A number Returned if the server replies an integer (":Int"), double (",Num") or big integer ("(Num")
A string Returned on a bulk reply. Bulk replies are supposed to be in UTF-8 encoding. The the bulk reply starts with "\u0000T\u0000" it is supposed to be a Prolog term. Note that this intepretation means it is not possible to read arbitrary binary blobs.
A list of replies. A list may also contain nil. If Reply as a whole would be nil the call fails.
A list of pairs. This is returned for the redis version 3 protocol "%Map". Both the key and value respect the same rules as above.

Redis bulk replies are translated depending on the as Type as explained above.

string
string(Encoding): Create a SWI-Prolog string object interpreting the blob as following Encoding. Encoding is a restricted set of SWI-Prolog's encodings: bytes (iso_latin_1), utf8 and text (the current locale translation).
atom
atom(Encoding): As above, producing an atom.
codes
codes(Encoding): As above, producing a list of integers (Unicode code points)
chars
chars(Encoding): As above, producing a list of one-character atoms.
integer
float
rational
number: Interpret the bytes as a string representing a number. If the string does not represent a number of the requested type a type_error(Type, String) is raised.
tagged_integer: Same as integer, but demands the value to be between the Prolog flags min_tagged_integer and max_tagged_integer, allowing the value to be used as a dict key.
auto: Same as auto(atom, number)
auto(AsText, AsNumber): If the bulk string confirms the syntax of AsNumber, convert the value to the requested numberical type. Else convert the value to text according to AsText. This is similar to the Prolog predicate name/2.
dict_key: Alias for auto(atom,tagged_integer). This allows the value to be used as a key for a SWI-Prolog dict.
pairs(AsKey, AsValue): Convert a map or array of even length into pairs for which the key satisfies AsKey and the value AsValue. The pairs type can also be applied to a Redis array. In this case the array length must be even. This notably allows fetching a Redis hash as pairs using HGETALL using version 2 of the Redis protocol.
dict(AsKey, AsValue): Similar to pairs(AsKey, AsValue), but convert the resulting pair list into a SWI-Prolog dict. AsKey must convert to a valid dict key, i.e., an atom or tagged integer. See dict_key.
dict(AsValue): Shorthand for dict(dict_key, AsValue).
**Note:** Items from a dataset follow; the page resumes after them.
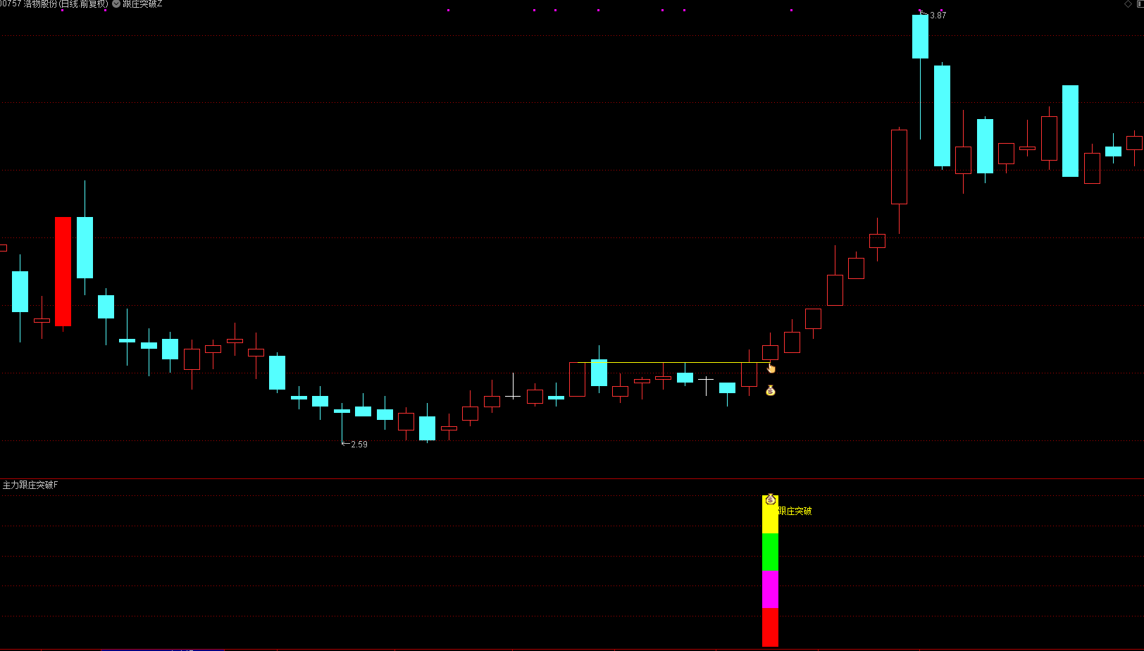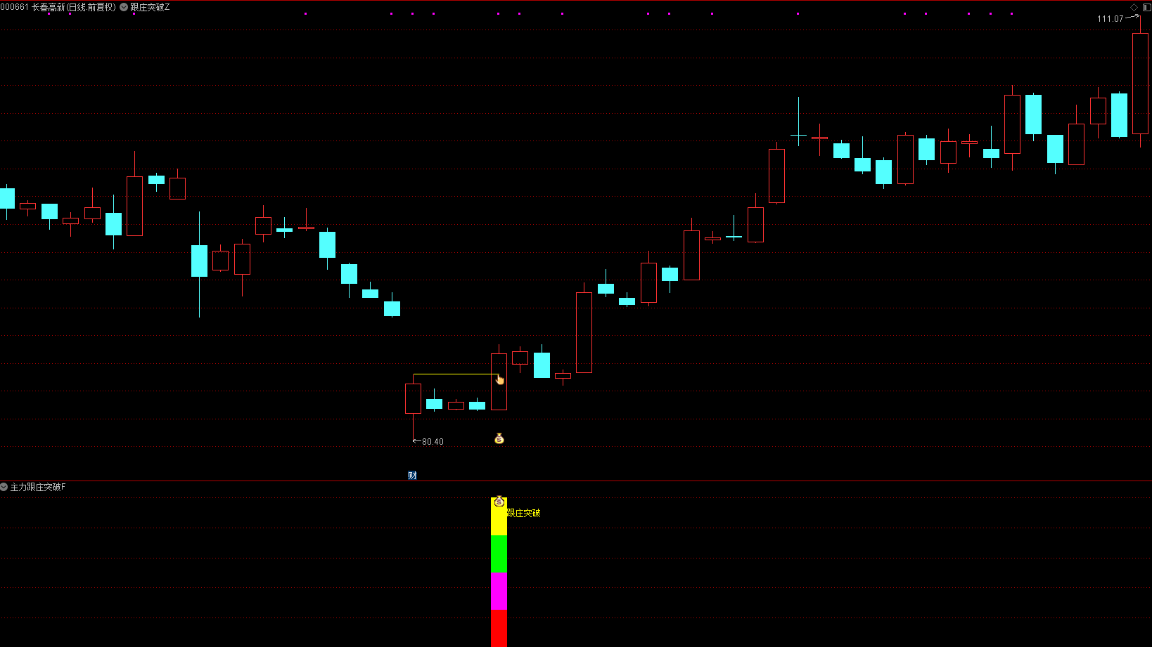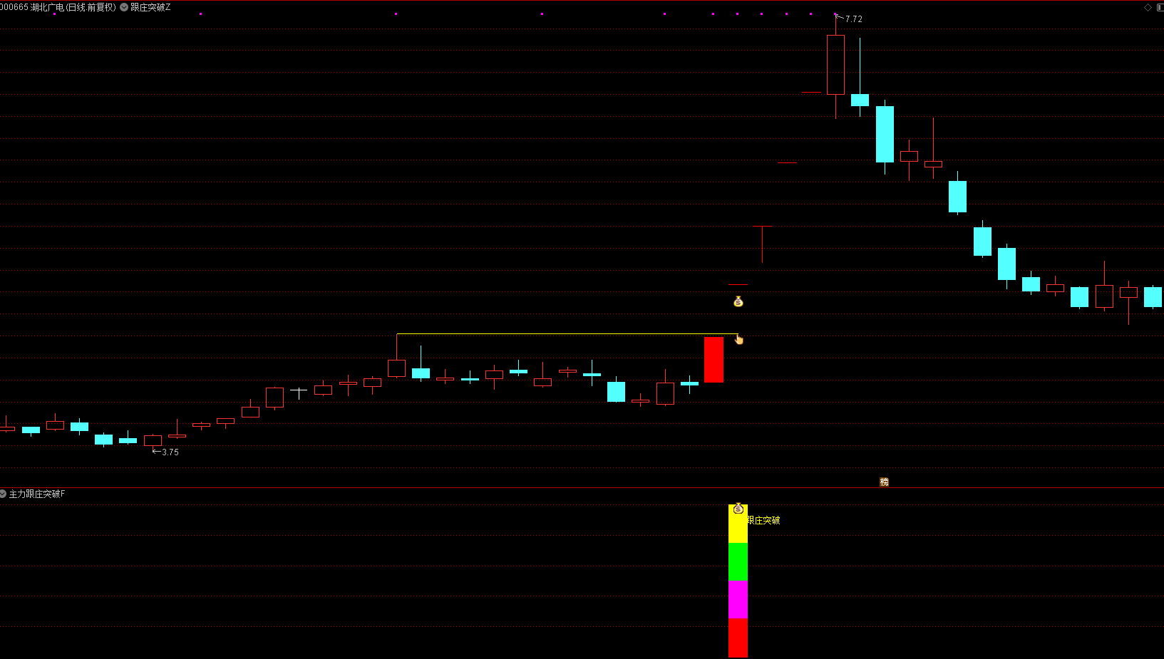 (通达信 【跟庄突破】主副图选股 横盘突破捕捉妖股起爆点 )
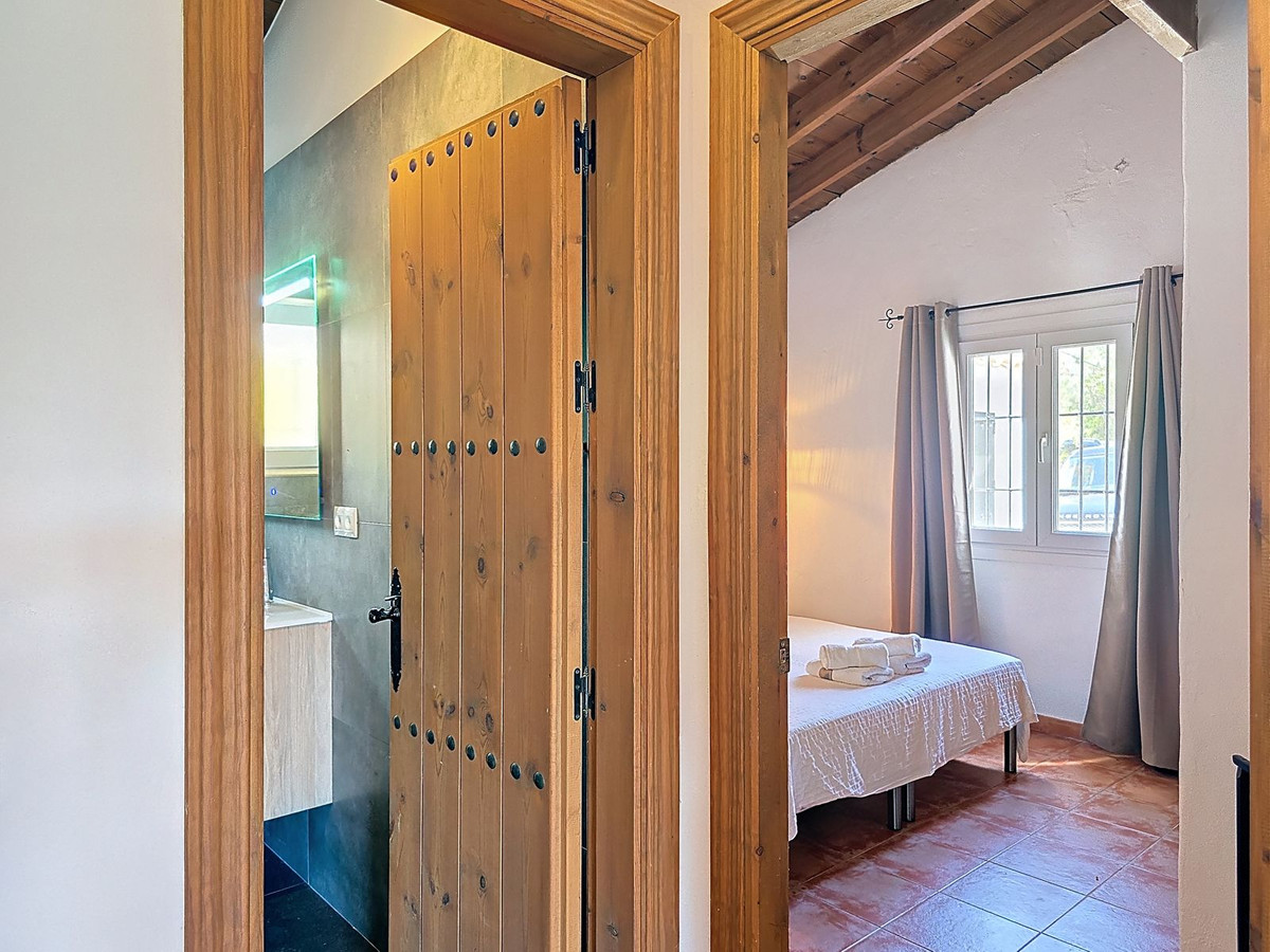 La propriété comprend trois chambres doubles spacieuses, chacune dotée de rangements intégrés et offrant une vue sur la campagne environnante. L'une des chambres bénéficie d'une salle de bains privative, pour plus d'intimité et de confort. Une seconde salle de bains familiale, ornée de carreaux andalous traditionnels et d'équipements modernes, offre un espace lumineux et fonctionnel, aussi bien pour les résidents que pour leurs invités.
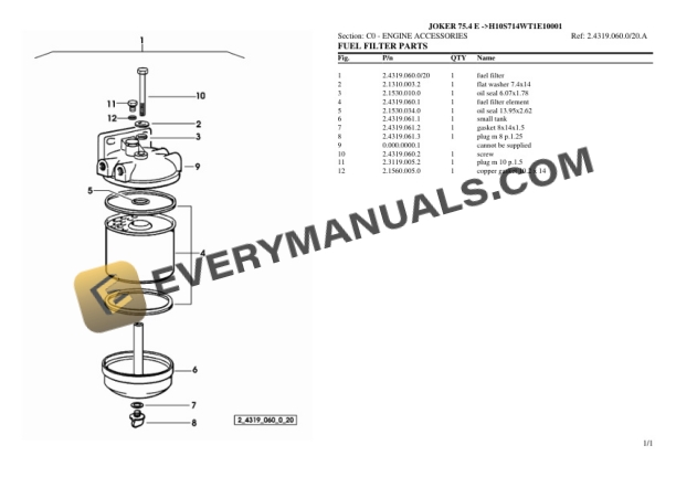 Hurlimann JOKER 75.4 E (H10S714WT1E10001) Tractor Parts Catalog PDF
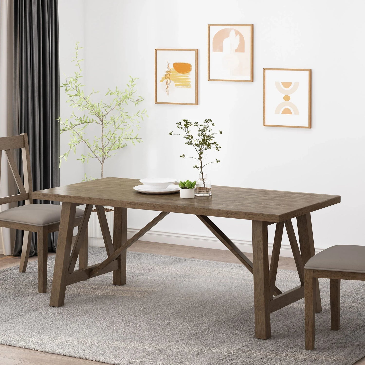 Farmhouse Style Dining Table With Wood Like Top - Antique Brown
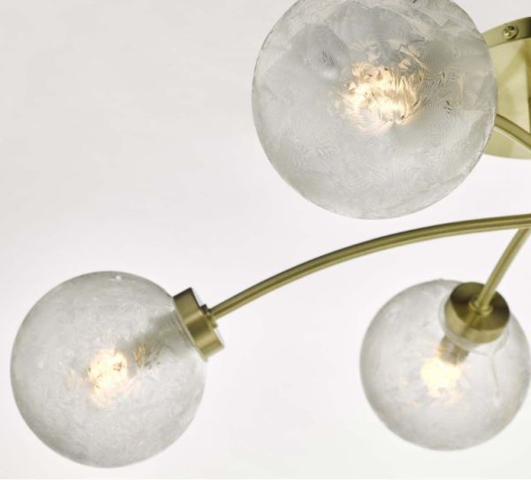 Lampa Avari z piękną, złotą podstawa, która idealnie komponuje się ze szklanymi kloszami. Cudowny dodatek do każdej nowoczesnej, jasnej kuchni i nie tylko. Klosze wykonane zostały z efektem kryształków lodu, co dodaje jej oryginalności.
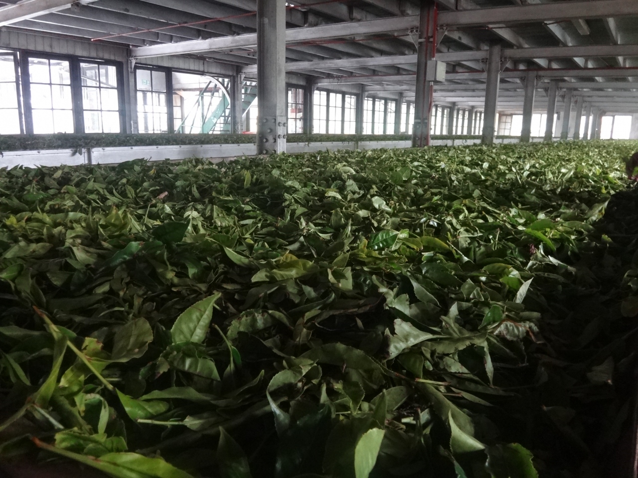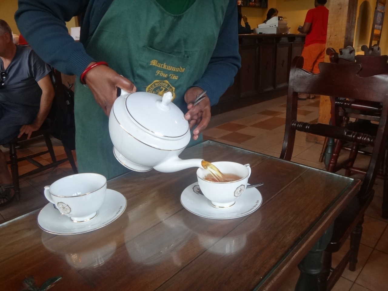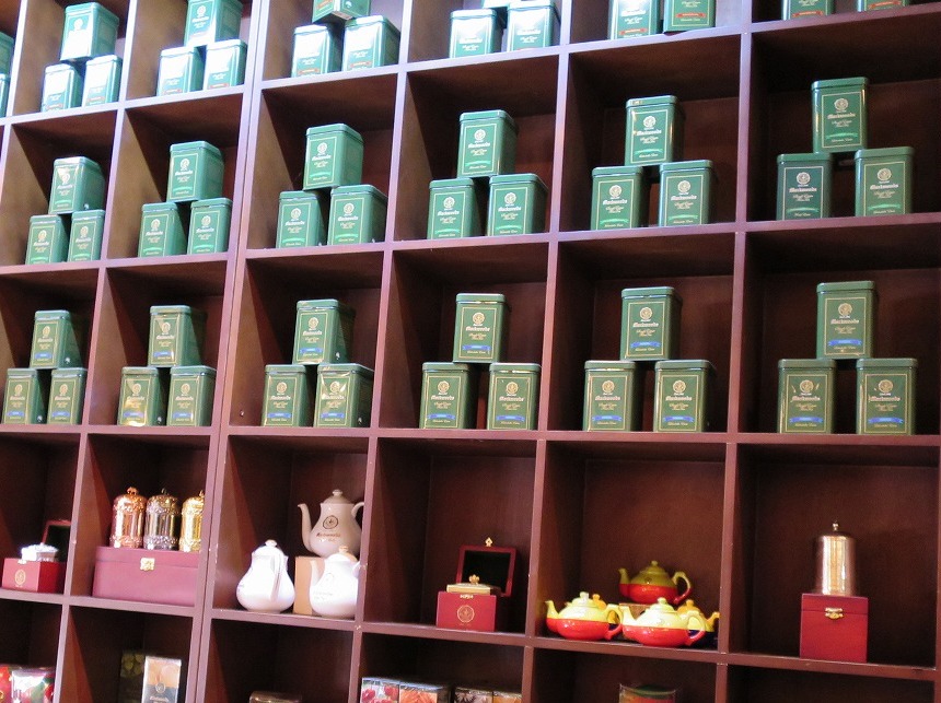 辺り一面に茶畑が広がる景色が続く。マックウッズは1841年創業の英国の会社。紅茶の生産工程を見学した後は、ティーハウスで、チョコレートケーキとストレートティをいただく。
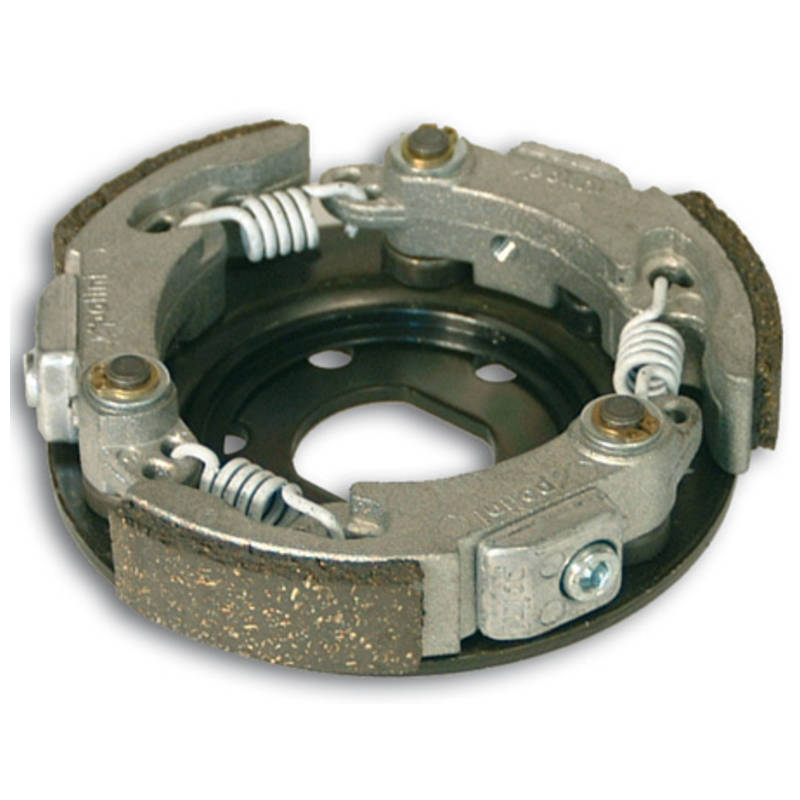 Die 3G-ForRace-Kupplung von Polini, die im Gegensatz zu der 2G Evolution bis jetzt noch 2 Backen besaß, kommt nun auch mit 3 Backen zum Einsatz. Einstellung der Einkuppeldrehzahl durch Tauschen der mitgelieferten Kupplungsfedern. Bei der Feinjustierung orientiert sich Polini an der Stage6 Torque Control – mittels Inbusschlüssel von der Seite, allerdings wurden die Federn nicht nach vorne verlegt, um das Patent nicht zu verletzen. Zum Ablesen oder Tauschen muss also immer noch die gesamte Kupplung ausgebaut werden.
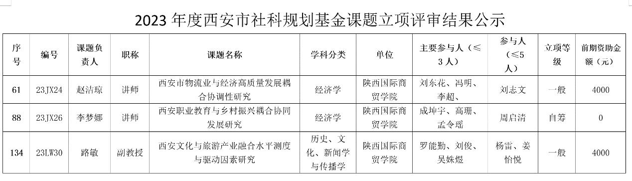近日,西安市社会科学规划基金管理办公室公布了《关于2023年度西安市社会科学规划基金课题立项的通知》文件,陕西国际商贸学院共获批立项8项,其中国际经济学院获批立项3项,一般项目2项,自筹项目1项。
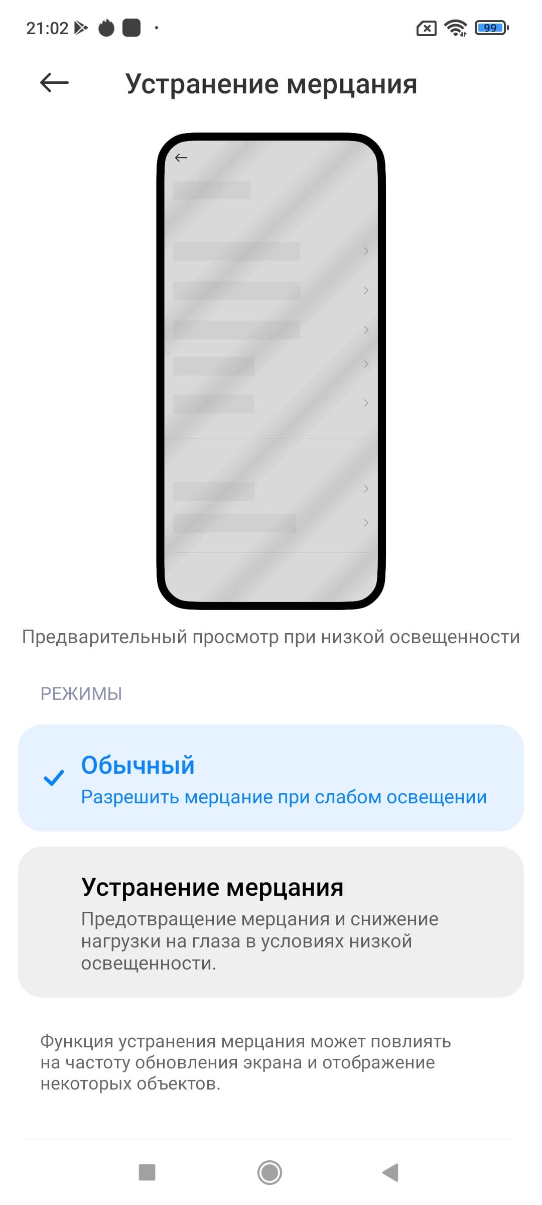 Те, кому кажется, что такое мерцание вызывает дискомфорт, могут попробовать включить функцию с названием Устранение мерцания.

Here are some simple examples

?- redis(default, set(a, 42), X).
X = status("OK").
?- redis(default, get(a), X).
X = "42".
?- redis(default, get(a), X as integer).
X = 42.
?- redis(default, get(a), X as float).
X = 42.0.
?- redis(default, set(swipl:version, 8)).
true.
?- redis(default, incr(swipl:version), X).
X = 9.

Errors: redis_error(Code, String)

redis(+Request)

Connect to the default redis server, call redist/3 using Request, disconnect and print the result. This predicate is intended for interactive usage.

[det]redis_write(+Redis, +Command)

[det]redis_read(+Redis, -Reply)

Write command and read replies from a Redis server. These are building blocks for subscribing to event streams.

[det]redis_get_list(+Redis, +Key, -List)

[det]redis_get_list(+Redis, +Key, +ChunkSize, -List)

Get the content of a Redis list in List. If ChunkSize is given and smaller than the list length, List is returned as a lazy list. The actual values are requested using redis LRANGE requests. Note that this results in O(N^2) complexity. Using a lazy list is most useful for relatively short lists holding possibly large items.

Note that values retrieved are strings, unless the value was added using Term as prolog.

See also: lazy_list/2 for a discussion on the difference between lazy lists and normal lists.

[det]redis_set_list(+Redis, +Key, +List)

Associate a Redis key with a list. As Redis has no concept of an empty list, if List is [], Key is deleted. Note that key values are always strings in Redis. The same conversion rules as for redis/1-3 apply.

[det]redis_get_hash(+Redis, +Key, -Data:dict)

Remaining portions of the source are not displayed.